Ah, you may ask, but isn’t that what the comics page is for? Cute drawings, gags and whimsy? Does the bleary-eyed reader, recently roused from sleep with coffee cup in hand, really need to see the president portrayed as a waffle? Or a menacing, cigarette-wielding guy in sunglasses brandishing a gun and popping pills? Or two men getting married? The numbers powerfully answer yes, but that hasn’t halted debate over whether “Doonesbury” belongs on the comics page. In fact, several papers run the strip on the editorial page, and may well be justified in doing so. Trudeau, mindful that many of his strips constitute editorializing, has said he doesn’t care where newspapers stick “Doonesbury.” In 1975 he won a Pulitzer Prize for editorial cartooning — the first time the award went to a comic strip artist — and he was a finalist for another one in 1989. But the subversive thing about Trudeau is that he gets his message across to all those comics page readers who couldn’t care less about the editorial page.

Wiley Miller, who draws a semi-political comic strip called “Non Sequitur,” calls Trudeau “far and away the most influential editorial cartoonist in the last 25 years.” That’s a bold statement to make in a journalism world populated by opinion page artists like Tom Toles, Pat Oliphant and Herblock. But while acknowledging their genius, Miller says, “They’re not influential.”

Garretson Beekman Trudeau starting drawing “Doonesbury” while he was a student at Yale in the late-’60s.
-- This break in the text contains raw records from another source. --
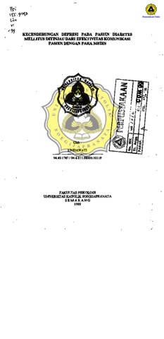 LINDAWATI, - (1999) KECENDERUNGAN DEPRESI PADA PASIEN DIABETES MILITUS DITINJAU DARI EFEKTIVITAS KOMUNIKASI PASIEN DENGAN PARA MEDIS. Other thesis, Prodi Psikologi Unika Soegijapranata.
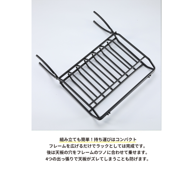 ■組み立ても簡単!持ち運びはコンパクト■フレームを広げるだけでラックとしては完成です。後は天板の穴をフレームのツノに合わせて乗せます。4箇所の出っ張りで天板がズレてしまうことも防げます。
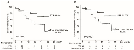 The two-year overall survival rate of the PTR group was not significantly higher than that of the upfront chemotherapy group, despite a drastic difference (69.5% in the PTR group and 44.8% in the upfront chemotherapy group, p = 0.058). However, the two-year cancer-specific survival rate of the PTR group was significantly higher than that of the upfront chemotherapy group (72.3% in the PTR group and 47.1% in the upfront chemotherapy group, p = 0.049) (Figure 2).
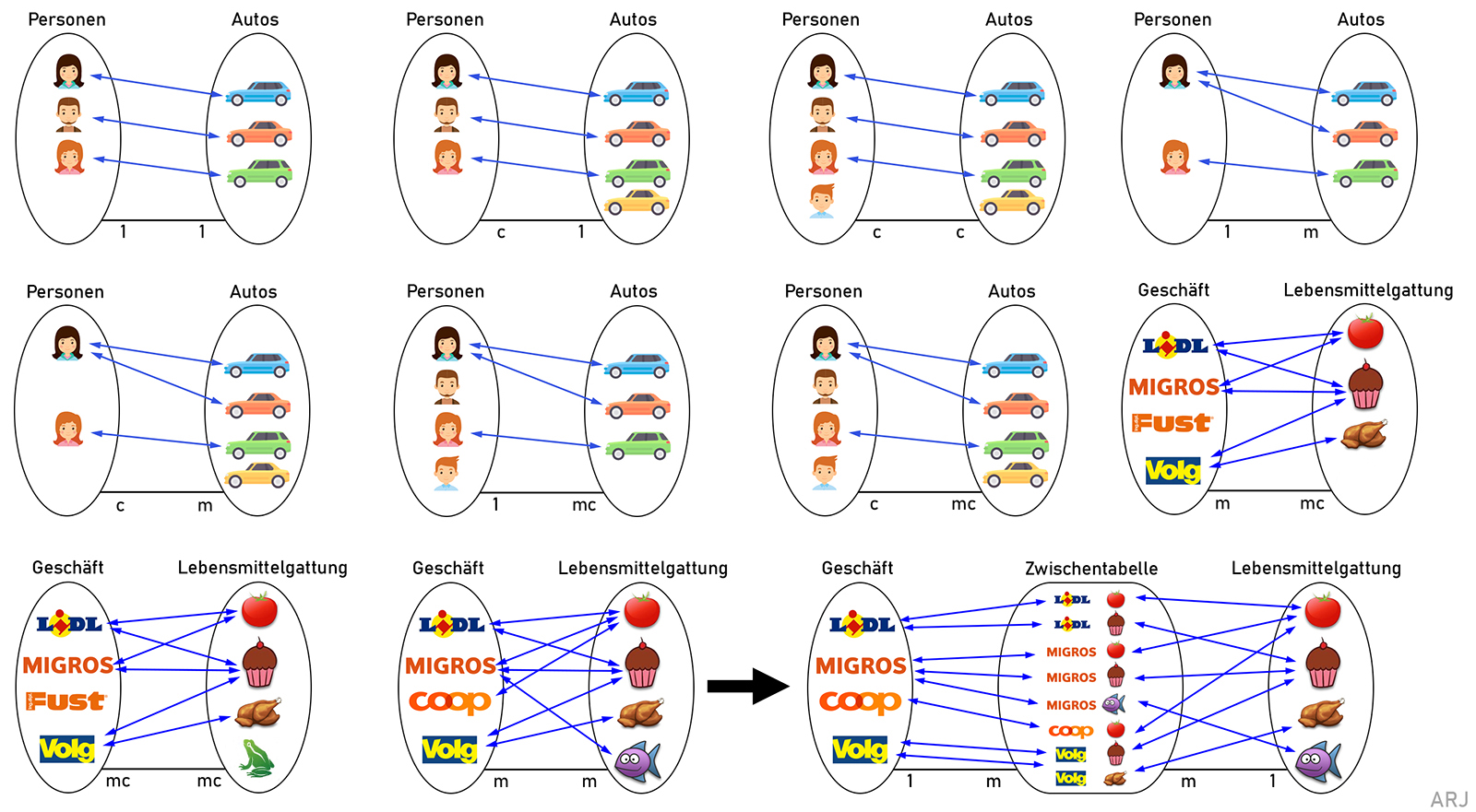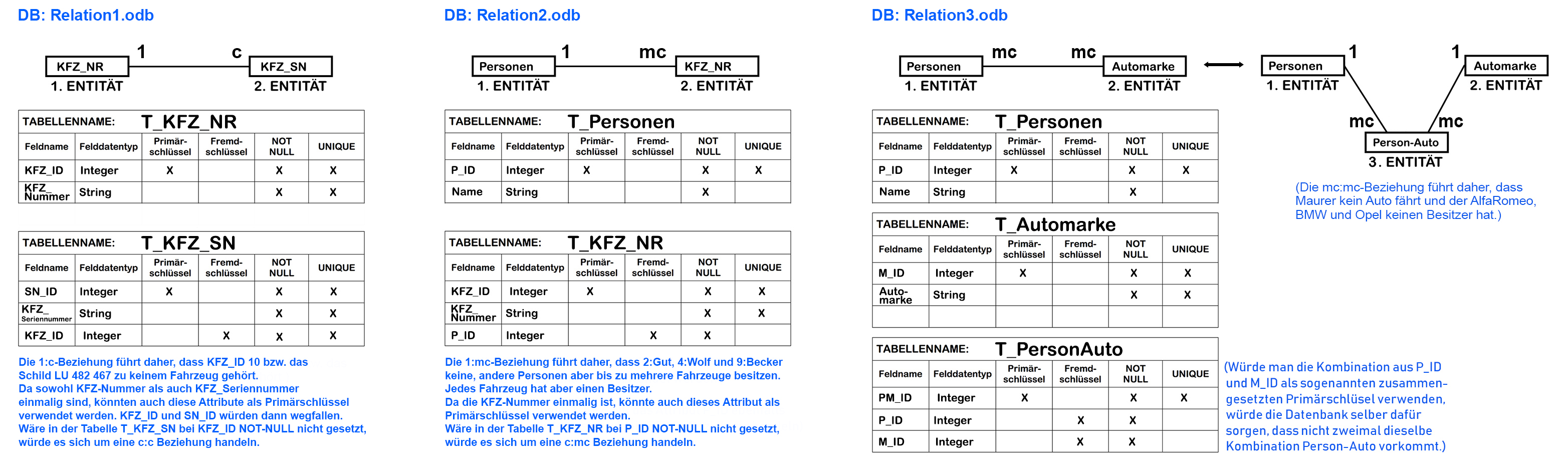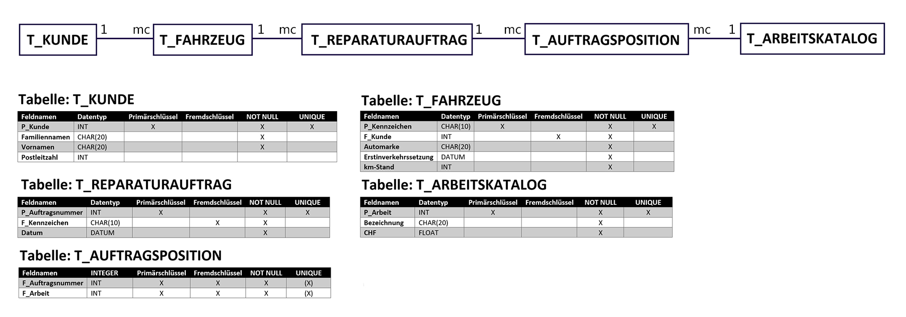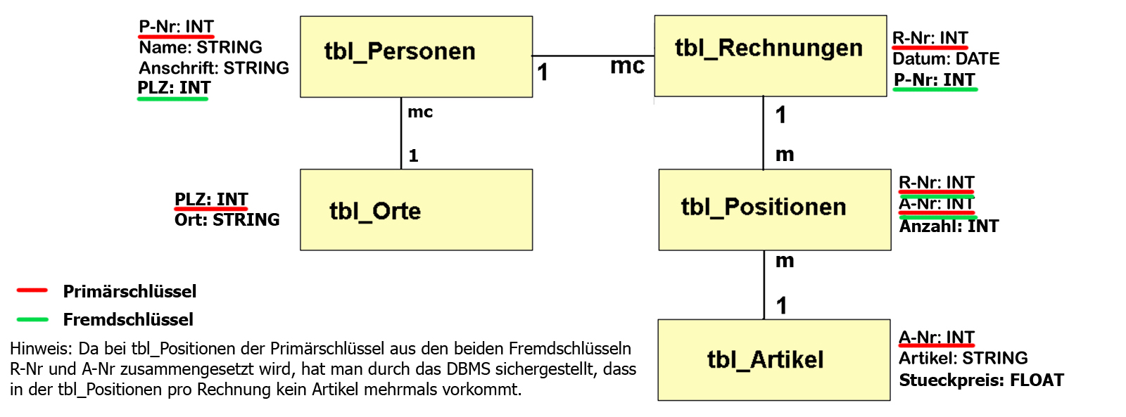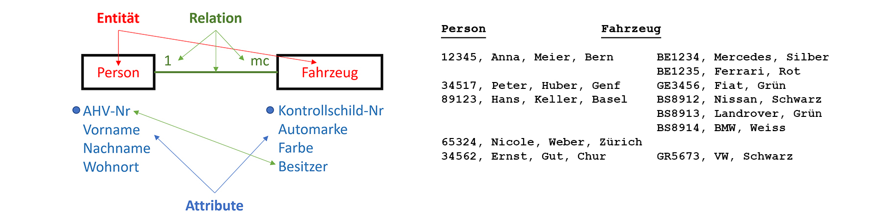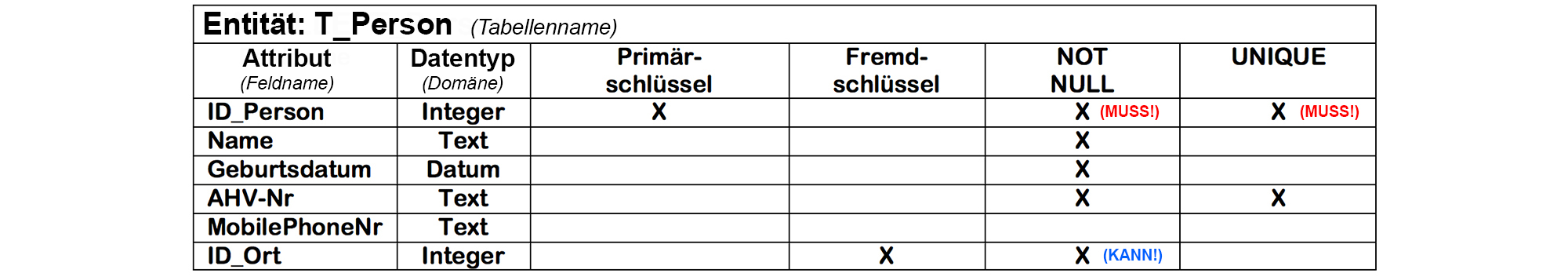 - Entität (Tabellenname, Entitätstyp, Relationen zwischen Entitäten)
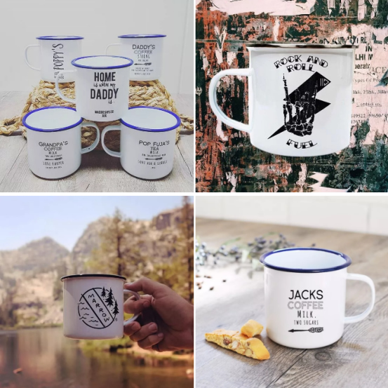 搪瓷杯的導(dǎo)熱性好、輕便、耐摔是戶外野炊必備良品。傳統(tǒng)的噴墨或絲網(wǎng)印刷并不能滿足在明火烤后仍保持標(biāo)記醒目,而激光雕刻可精準(zhǔn)到毫米以內(nèi),精細(xì)度高,不易磨損,多次的清洗或灼燒不會使得雕刻上的圖形扭曲。
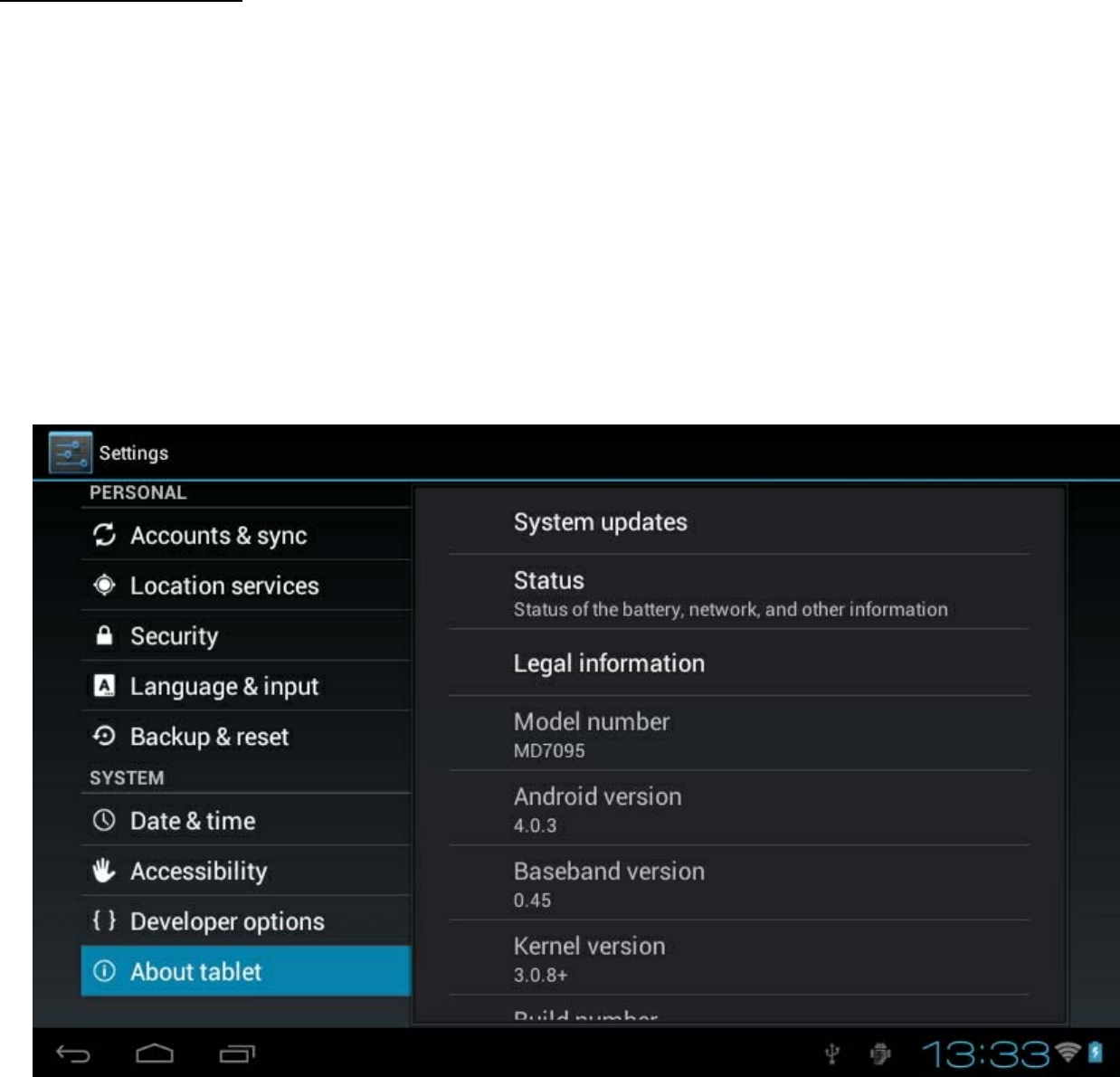 Setting About tablet
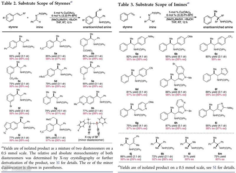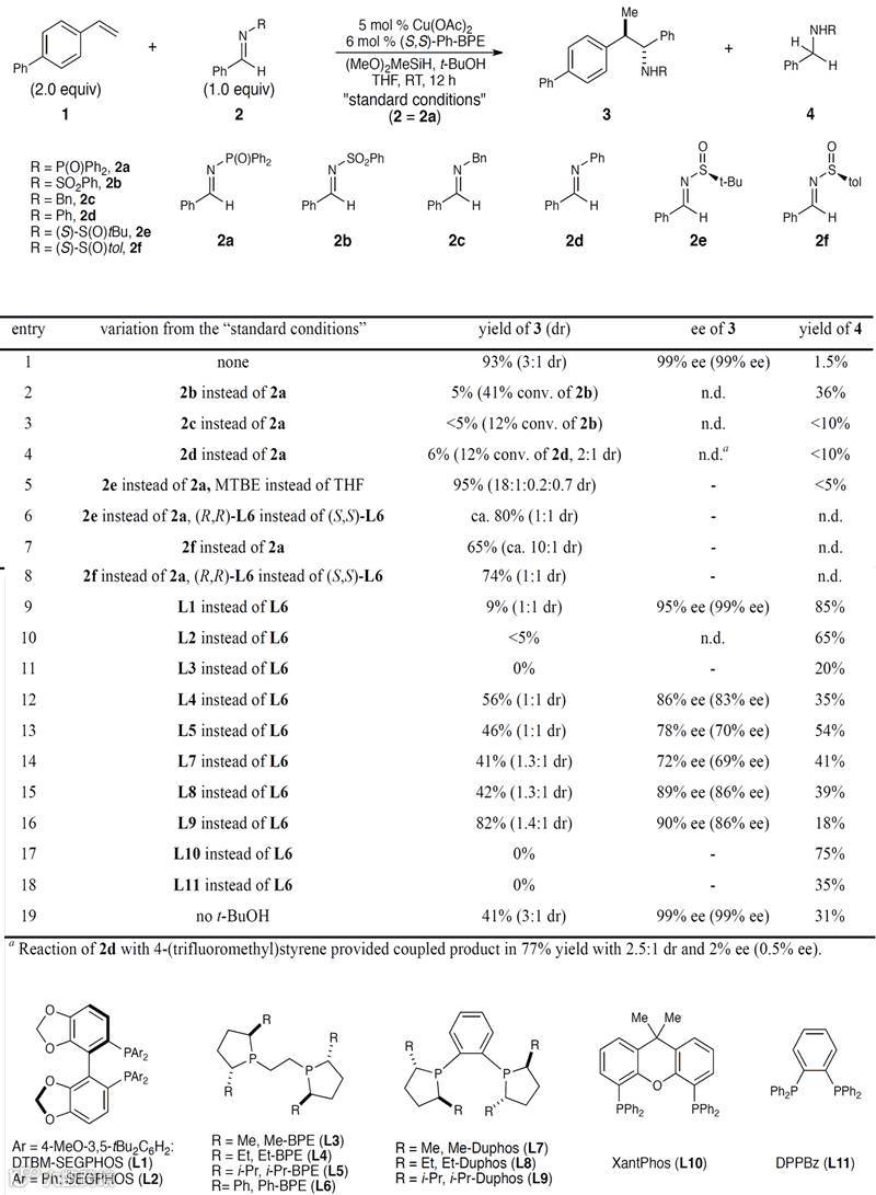 在Science工作的基础上,通过一系列的配体对比和亚胺受体的筛选,很快确定了最优条件:5mol% Cu(OAc)2,6 mol% (S,S)-Ph-BPE,(MeO)2MeSiH (5 equiv),t-BuOH (2 equiv),THF(0.5 mL),室温,12小时,就能以93%的总收率和3:1的非对映异构比(dr)得到产物3,两种异构体的对映异构比(ee)都高达99%,而亚胺氢化产物4只有1.5%。与上月Science上报道的催化体系基本没有区别,仅仅是溶剂由环己烷变为了四氢呋喃。
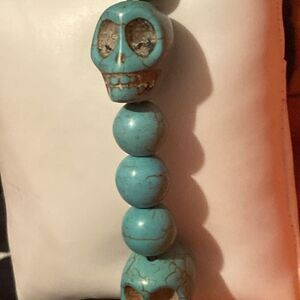 Handmade Turquoise Resin Skull Bracelet With Accent Beads
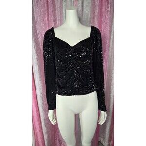 Express Black Sequin Rouched Stretch Evening Blouse Size Large
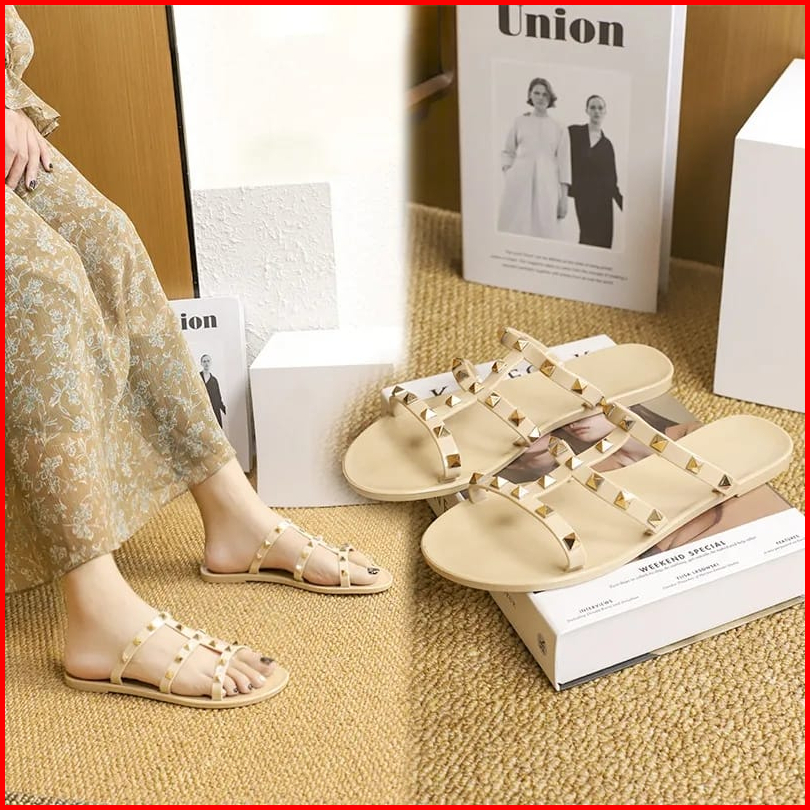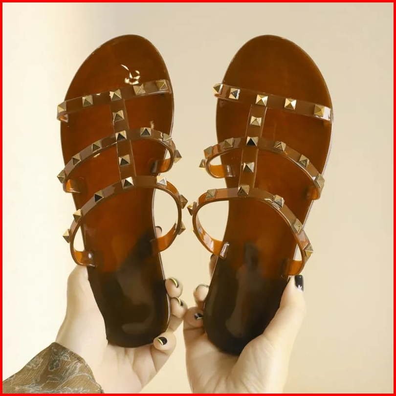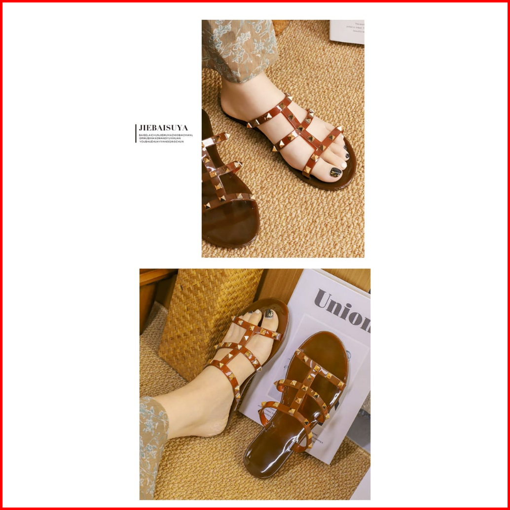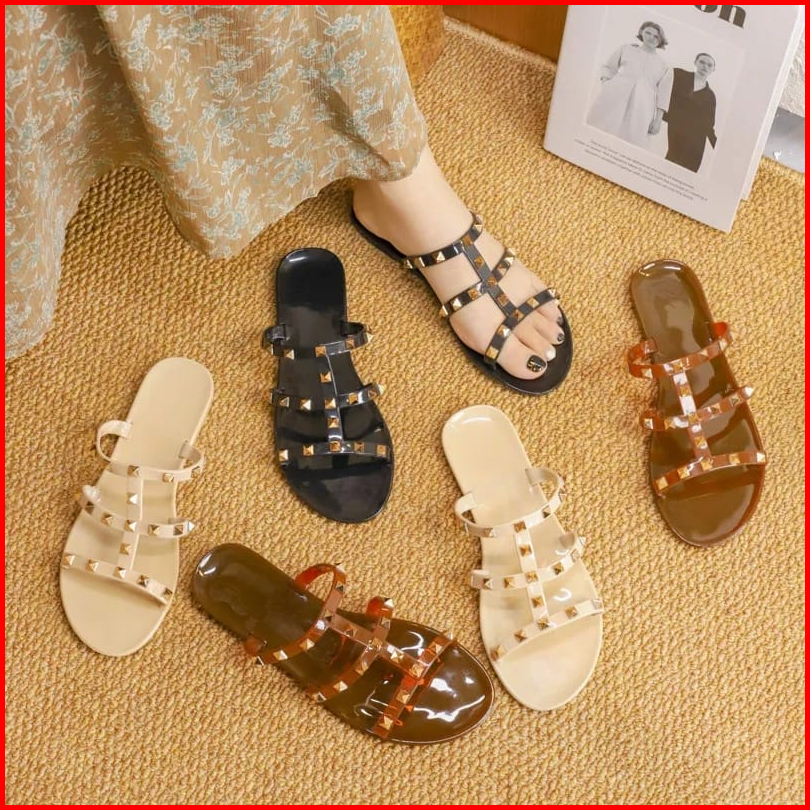 Sandal Wanita Jelly Stud Garis Nyaman Dan Empuk Termurah

The strip evolved from an earlier comic he drew for the Yale Daily News called “Bull Tales,” which gently but piquantly satirized campus life through the prism of a cast of college characters, primarily a football jock named B.D., who was based on Brian Dowling, the Yale — and later professional — gridiron hero. “Bull Tales” caught the eye of an entrepreneur who wanted to start a comics distribution outfit, and who convinced the 20-year-old Trudeau to sign on, thus launching the Universal Press Syndicate, which continues to handle “Doonesbury” along with strips like the afore-scorned “Garfield” and “Cathy.” Trudeau got the title of his new strip by combining the word “doone” — which today would translate as “dweeb” — with the name of his roommate, Charles Pillsbury. It’s also the name of the strip’s putative central character, Michael Doonesbury, who back then was a nebbish who could never get a girl, and who now is a divorced dad and head of an Internet start-up that has just had an IPO.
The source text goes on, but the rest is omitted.